MOSCOW, April 13. /TASS/. Moscow views UK Foreign Secretary Jeremy Hunt’s claims about Moscow’s stance on chemical weapons being a threat to other nations as a "provocative falsification," the Russian Foreign Ministry said in a statement.
According to the document, Moscow has no objections to "introducing control over substances, which the Western states persistently call ‘Novichoks.’"
Earlier this week, Hunt wrote on his Twitter page that Russia’s stance regarding the chemical weapons issue may pose a threat to other countries, and that incidents similar to the Salisbury case might occur in other cities as well.
"Unless the United Kingdom presents its evidence and starts cooperating with the Russian side within the legal domain, all London’s allegations of this kind will be treated as provocative falsifications, intended to indoctrinate false opinion about the [Salisbury] events among the public," the ministry said in a statement, published on its website.

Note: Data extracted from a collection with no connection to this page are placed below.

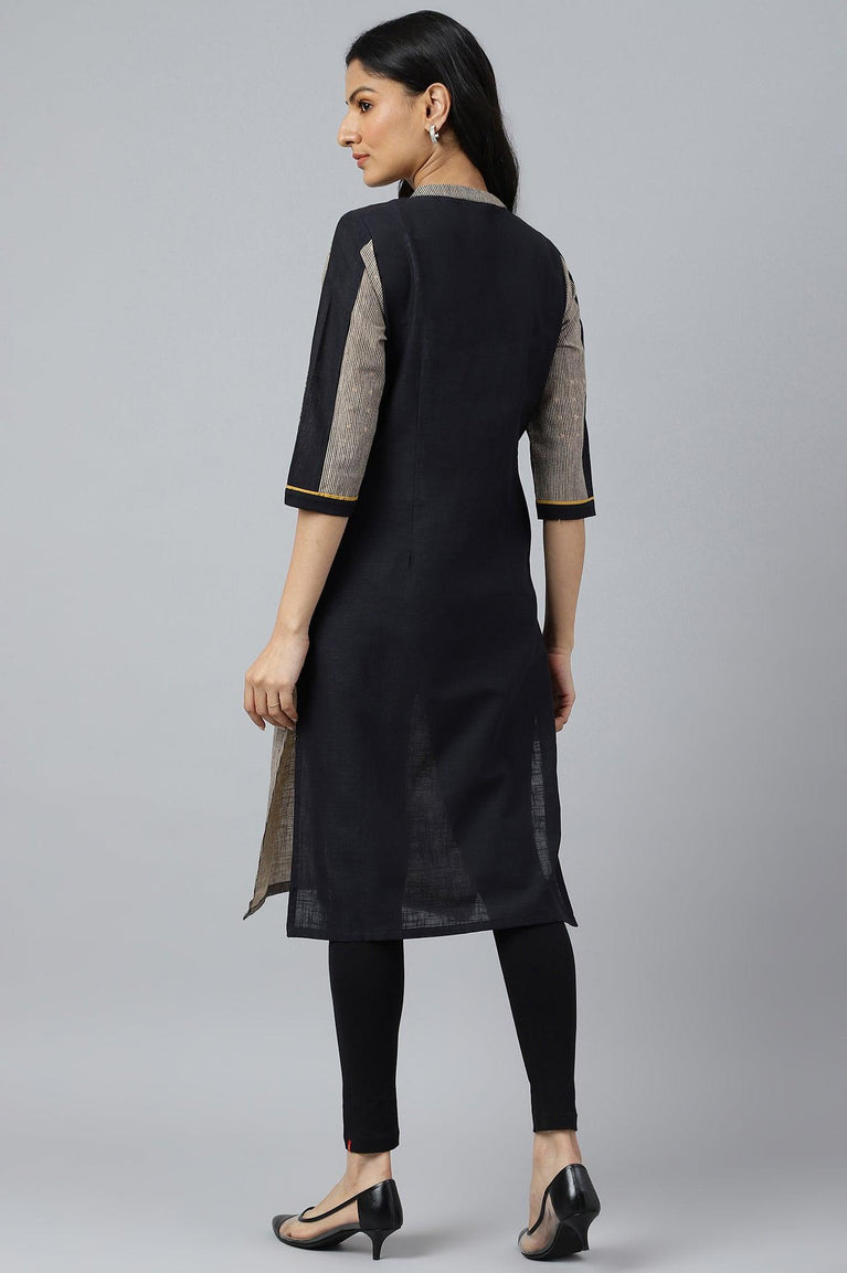 This black and aqua blue boat neck 3/4 sleeve kurta has printed detail, side slits and straight hem.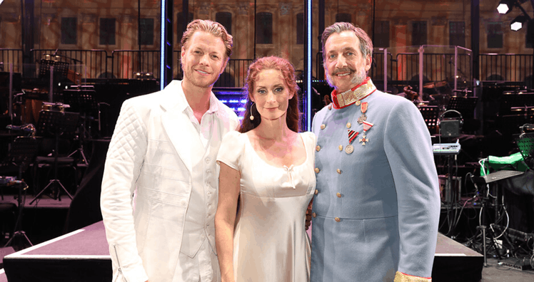 27 Jahre nach der Uraufführung in Wien war das Kultstück des Erfolgsduos Michael Kunze und Sylvester Levayerstmals am Originalschauplatz der Handlung zu hören. Und dafür holten die Vereinigten Bühnen Wien (VBW) nochmals das Liebespaar der Uraufführung 1992 vor den royalen Vorhang: Pia Douwes hat in Wien schon vor fünf Jahren beim "Besuch der alten Dame" die Titelpartie gesungen, gibt jedoch an den beiden projektierten Schönbrunn-Abenden jene Partie, die ihr einst zum Durchbruch verhalf.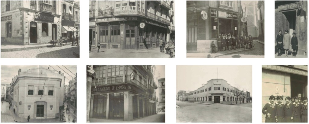 Todas las compañías fueron creando edificios para albergar sus equipos como, por ejemplo, el de la Compañía Peninsular de Teléfonos, en la calle Mayor nº1 de Madrid (véase «De Gran Vía al Distrito C«, capítulo 4.1.3. Arquitectura anterior a CTNE), y no solo sus equipos, sino también locutorios amplios y cómodos para que los usuarios pudiesen esperar cómodamente el establecimiento de sus llamadas por lo que los rótulos indicando las ubicaciones de los mismos comenzaron a proliferar por las calles.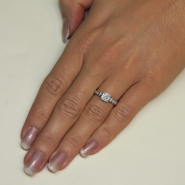 Posebna oblika zaročnega prstana iz belega zlata mu daje prestižen, poseben izgled, ki ga nadgrajujejo še čudoviti briljanti.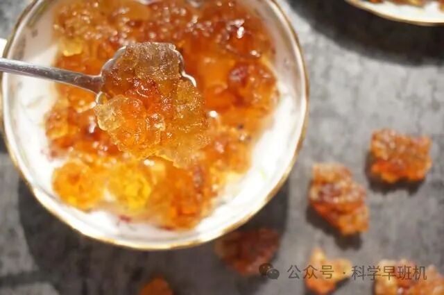 桃胶的主要成分是多糖,小小的一颗桃胶就含有极为丰富的胶原蛋白、维生素,促使桃树的伤口迅速痊愈。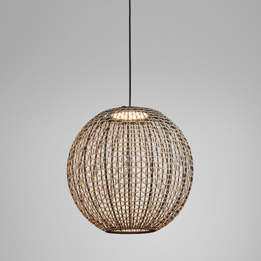 Product Code: 6B30906214169 Light source: 1 x 14W LED | CRI90 | 2700K | 1400lm Materials: Stainless steel, Aluminum, Synthetic Fiber, Polycarbonate Dimensions: Ø 600mm x H 570mm | Max Hang Height 2570mm Brand: Bover The design intent of the Nans collection was to highlight the craftsmanship of the lampshades and to explore different ways of weaving, by combining different colours and formats to create a true Mediterranean style. Available in various sizes and configurations with either Beige, Brown or Red shades featuring coastal Blue accents and graphite brown metal ware. TRIAC Dimmable. Rated IP65 suitable for outdoor use. Designed by Joana Bover and made in Spain. For trade enquiries, please contact us below. |

The ministry also said that the Russian side has still not received any information about the fate of Sergei and Yulia Skripal, who disappeared from the public eye a year ago.
"We call upon London to launch a constructive dialogue on the matter," the statement reads.
Canada, the Netherlands and the United States put forward an initiative to add two families of the so-called "Novichok" chemicals to the list at the OPCW Executive Council’s previous meeting held on January 14. Russia did not obstruct the decision, but came up with serious objections and refused to be associated with the Council’s decision on the matter. At a February meeting of the OPCW Executive Council in The Hague, Russia called for adding five families of chemicals, including the Novichok substances, to the Chemical Weapons Convention (CWC) list of controlled chemical weapons but the initiative was rejected.
According to London's version, on March 4 former Russian military intelligence officer Sergei Skripal, convicted in Russia of spying for Britain, and his daughter Yulia, were exposed to a 'Novichok-class' nerve agent in Salisbury. The British government claimed that Russia was "highly likely" behind the incident. However, Moscow strongly dismissed all speculations on that score, adding that programs for developing this substance had never existed in the Soviet Union or Russia. Britain’s military chemical laboratory at Porton Down failed to pinpoint the origin of the substance that poisoned the Skripals.